■ **TASK DIRECTIONS**
Nothing in the records below should be altered in the copy, although the pictures must be left out.

== == ==

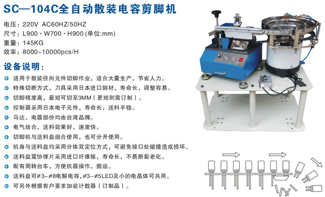 产品名称:SC-104C全自动散装散装电容剪脚机
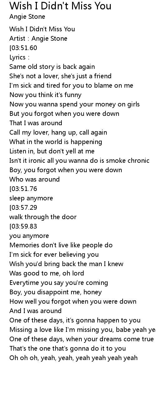 | [04:15.29][03:59.83][03:44.85][02:58.29][02:42.39][01:40.88] | I wish I didn' t miss you anymore |
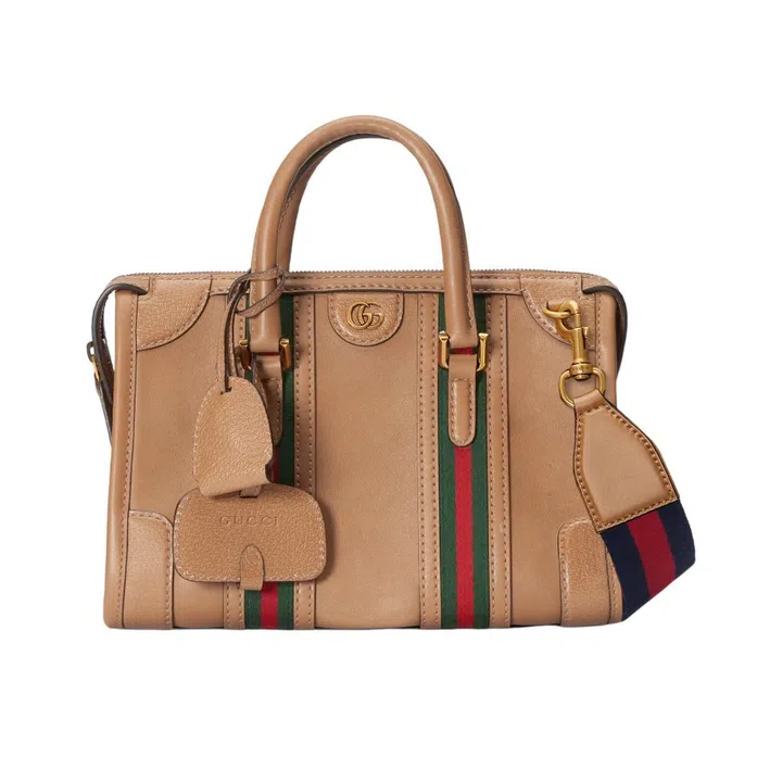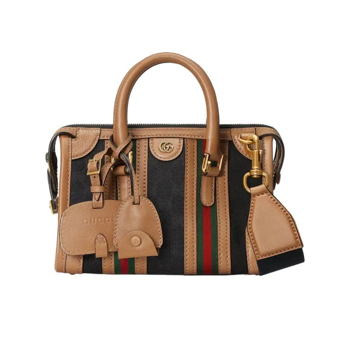 Roomy bags are in again – and always handy for travel, long days out or that grocery run. The latest from Gucci is a structured duffle that comes in S or M, and “Gucci-fied” with the brand’s red-and-green-striped webbing, double G hardware and idiosyncratically ’70s edge.
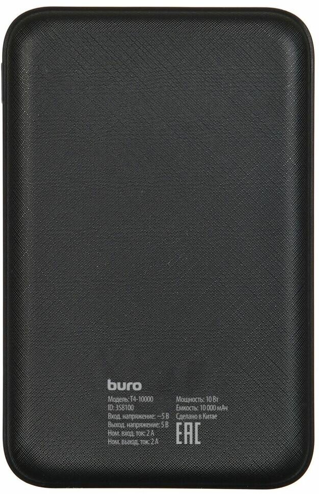 Внешний аккумулятор Buro T4-10000 10000mAh 2A черный (T4-10000-BK), 1827399
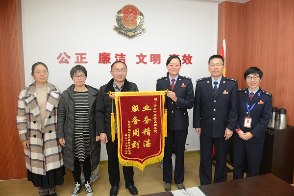 近日,常熟市恒泰医药连锁有限公司的企业负责人、财务人员一行四人,来到常熟经开区税务局,送上了一面“业务精湛、服务周到”的锦旗,为该局优质高效便捷的纳税服务点赞。
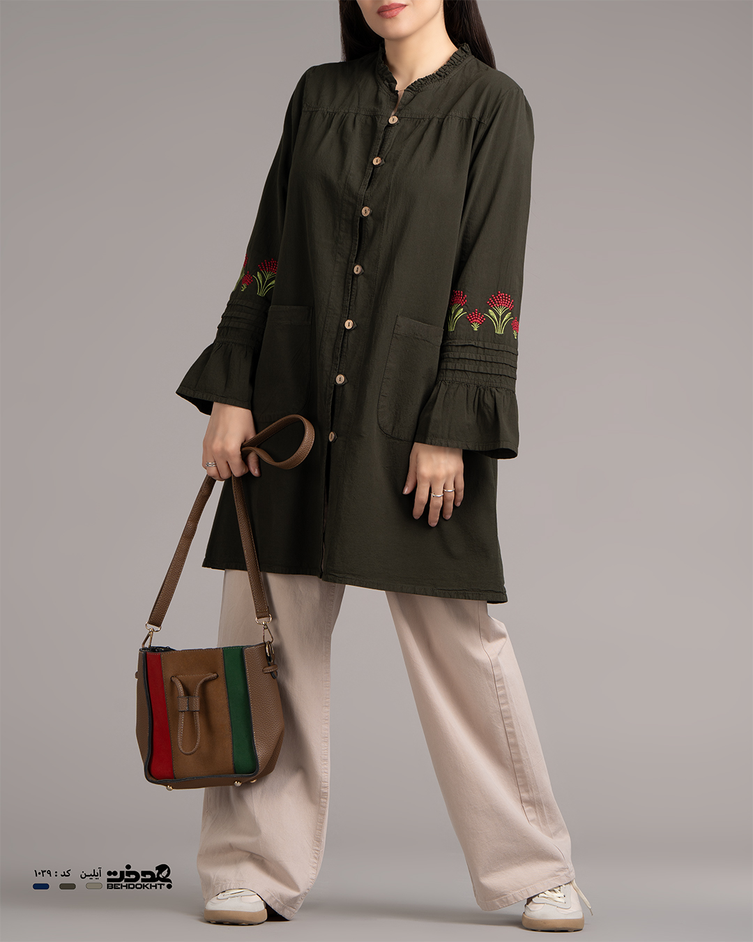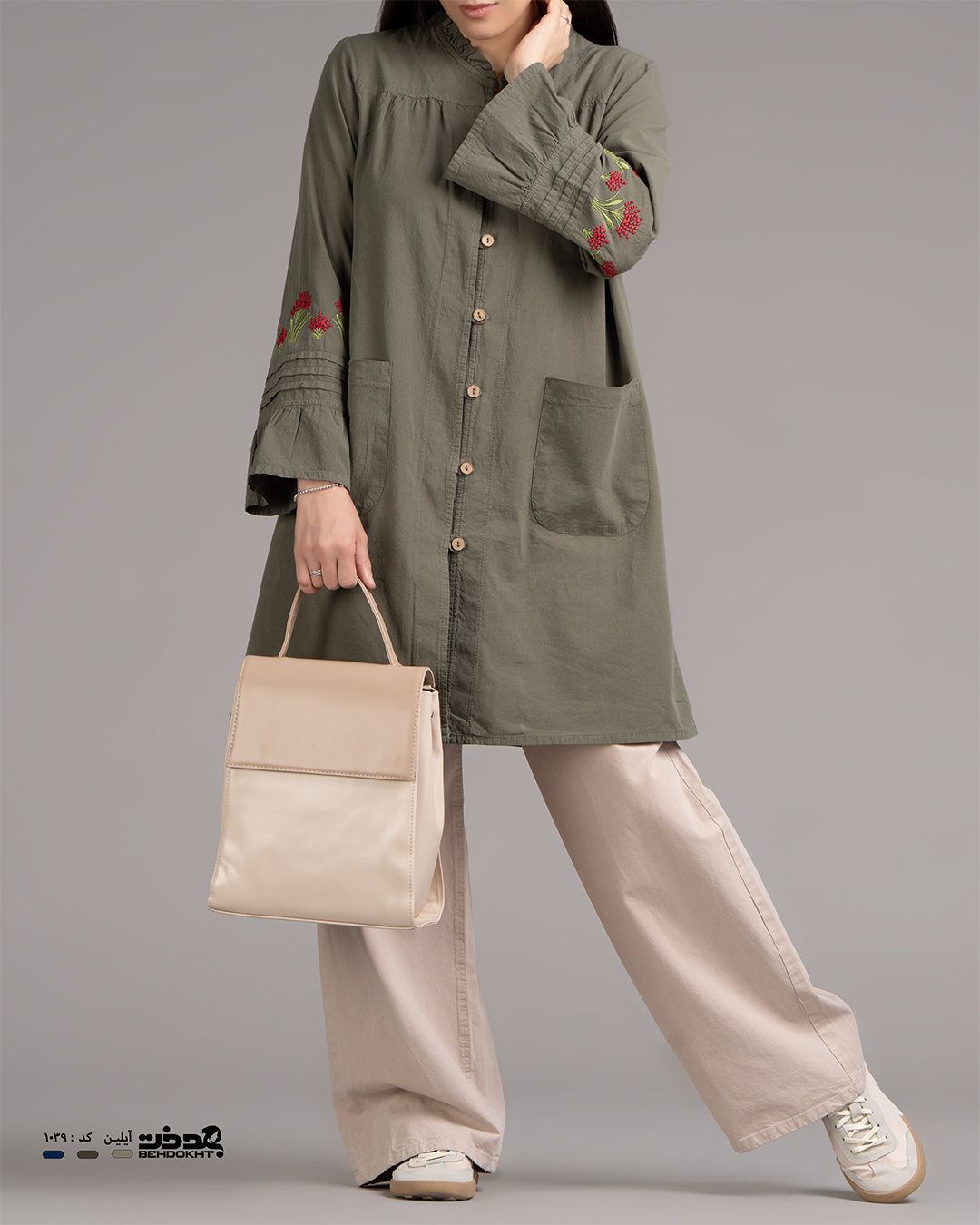 با توجه به تفاوت رنگ ها در صفحه نمایش دستگاههای مختلف ، ممکن است رنگ محصولات در تصویر تا 20 درصد با واقعیت متفاوت باشد ..... پارچه به کار رفته در این مدل ، نخ پنبه از نوع رینگ است که دارای کیفیت بالاتری نسبت به باقی پارچه های پنبه در بازار میباشد.

== == ==

■ **ANSWER BOX**
 产品名称:SC-104C全自动散装散装电容剪脚机
 | [04:15.29][03:59.83][03:44.85][02:58.29][02:42.39][01:40.88] | I wish I didn' t miss you anymore |
 Roomy bags are in again – and always handy for travel, long days out or that grocery run. The latest from Gucci is a structured duffle that comes in S or M, and “Gucci-fied” with the brand’s red-and-green-striped webbing, double G hardware and idiosyncratically ’70s edge.
 Внешний аккумулятор Buro T4-10000 10000mAh 2A черный (T4-10000-BK), 1827399
 近日,常熟市恒泰医药连锁有限公司的企业负责人、财务人员一行四人,来到常熟经开区税务局,送上了一面“业务精湛、服务周到”的锦旗,为该局优质高效便捷的纳税服务点赞。
 با توجه به تفاوت رنگ ها در صفحه نمایش دستگاههای مختلف ، ممکن است رنگ محصولات در تصویر تا 20 درصد با واقعیت متفاوت باشد ..... پارچه به کار رفته در این مدل ، نخ پنبه از نوع رینگ است که دارای کیفیت بالاتری نسبت به باقی پارچه های پنبه در بازار میباشد.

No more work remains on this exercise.